■ Collected material ■

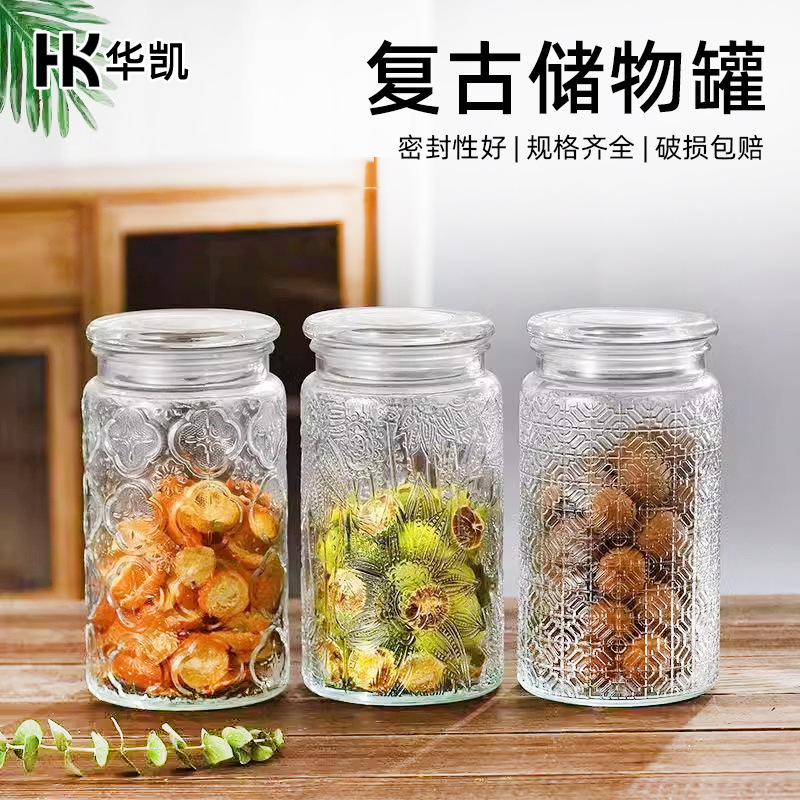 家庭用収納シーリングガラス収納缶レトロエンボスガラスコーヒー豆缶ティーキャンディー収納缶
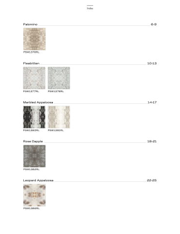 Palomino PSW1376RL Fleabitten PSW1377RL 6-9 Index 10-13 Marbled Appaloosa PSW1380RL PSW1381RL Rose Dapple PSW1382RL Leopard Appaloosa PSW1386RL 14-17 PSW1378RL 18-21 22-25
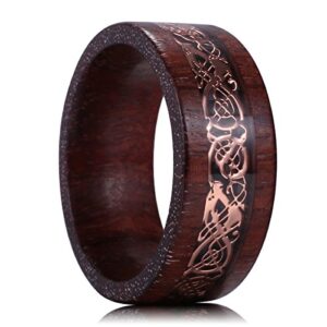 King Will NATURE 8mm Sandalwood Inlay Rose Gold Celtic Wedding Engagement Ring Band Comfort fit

■ Work required ■
Set down all of the material above exactly as written, leaving the pictures out.

■ Solution ■
 家庭用収納シーリングガラス収納缶レトロエンボスガラスコーヒー豆缶ティーキャンディー収納缶
 Palomino PSW1376RL Fleabitten PSW1377RL 6-9 Index 10-13 Marbled Appaloosa PSW1380RL PSW1381RL Rose Dapple PSW1382RL Leopard Appaloosa PSW1386RL 14-17 PSW1378RL 18-21 22-25
 King Will NATURE 8mm Sandalwood Inlay Rose Gold Celtic Wedding Engagement Ring Band Comfort fit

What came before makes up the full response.